*EXERCISE DIRECTIONS*.
Print the data exactly as written, but leave out each picture.

*DATA*.
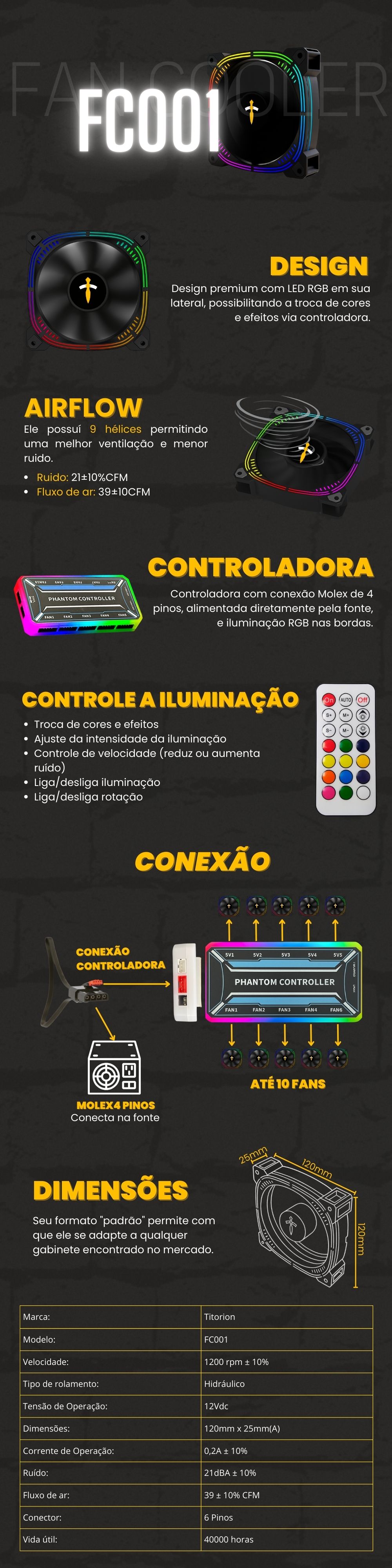 Kit Fan Cooler RGB Preto com Controladora
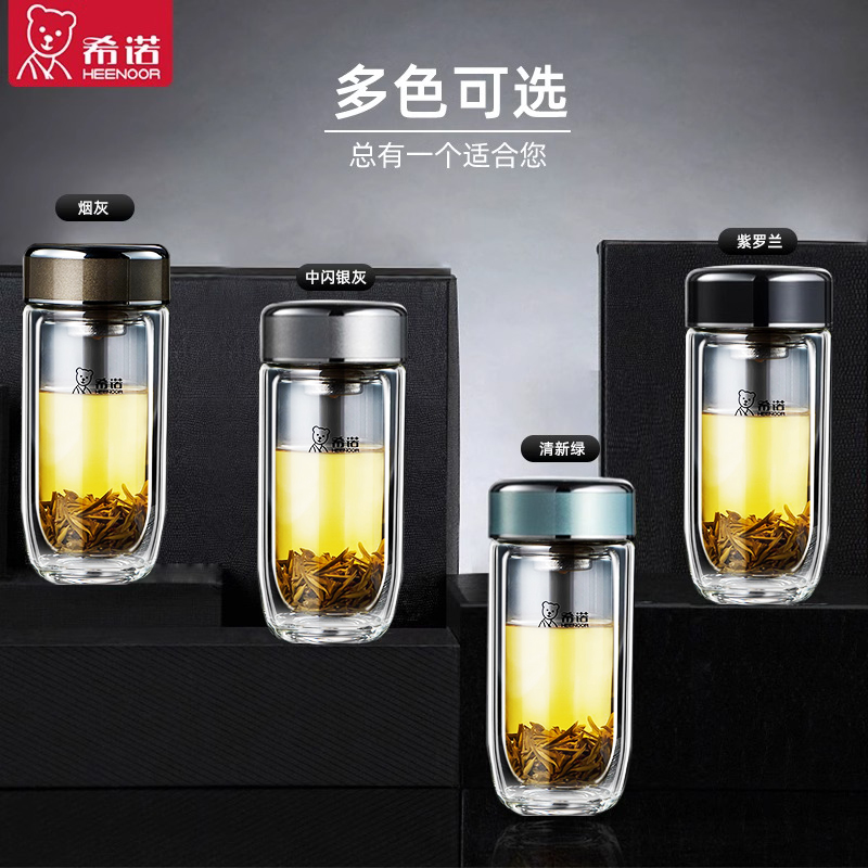 希诺抗菌玻璃杯大容量鹅蛋泡茶杯子男士双层防烫钛杯便携水杯定制
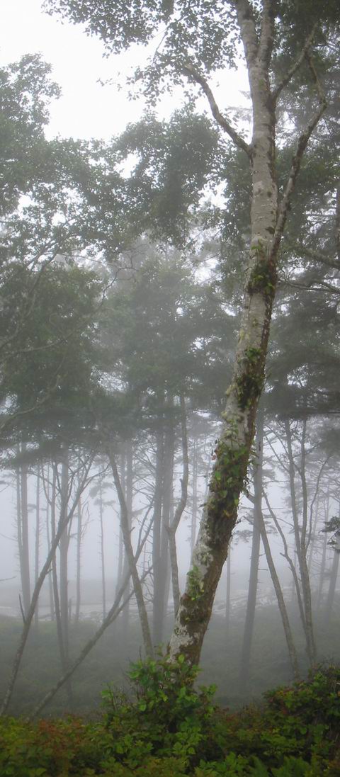It was misty in the morning, sunny in the afternoon. I got my first flat tyre near Queets.
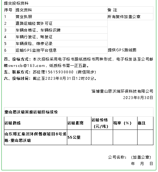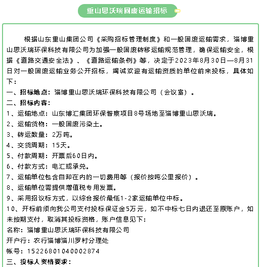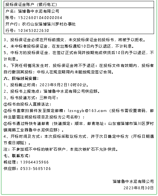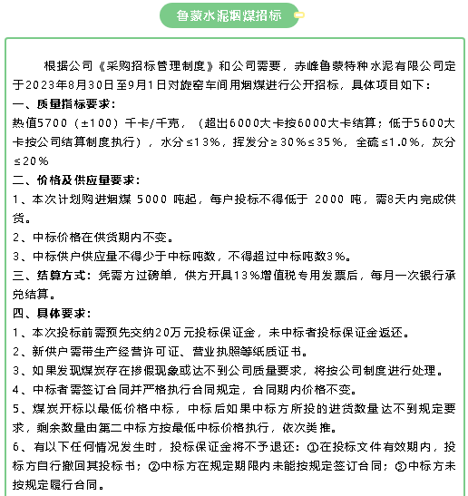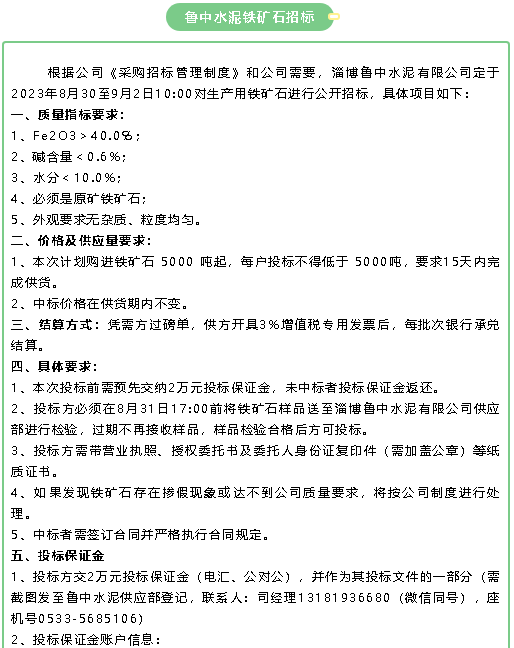 【招標(biāo)公告】魯中水泥鐵礦石、魯蒙水泥煙煤、重山思沃瑞固廢運(yùn)輸招標(biāo)?

*WRITTEN REPLY*.
 Kit Fan Cooler RGB Preto com Controladora
 希诺抗菌玻璃杯大容量鹅蛋泡茶杯子男士双层防烫钛杯便携水杯定制
It was misty in the morning, sunny in the afternoon. I got my first flat tyre near Queets.
 【招標(biāo)公告】魯中水泥鐵礦石、魯蒙水泥煙煤、重山思沃瑞固廢運(yùn)輸招標(biāo)?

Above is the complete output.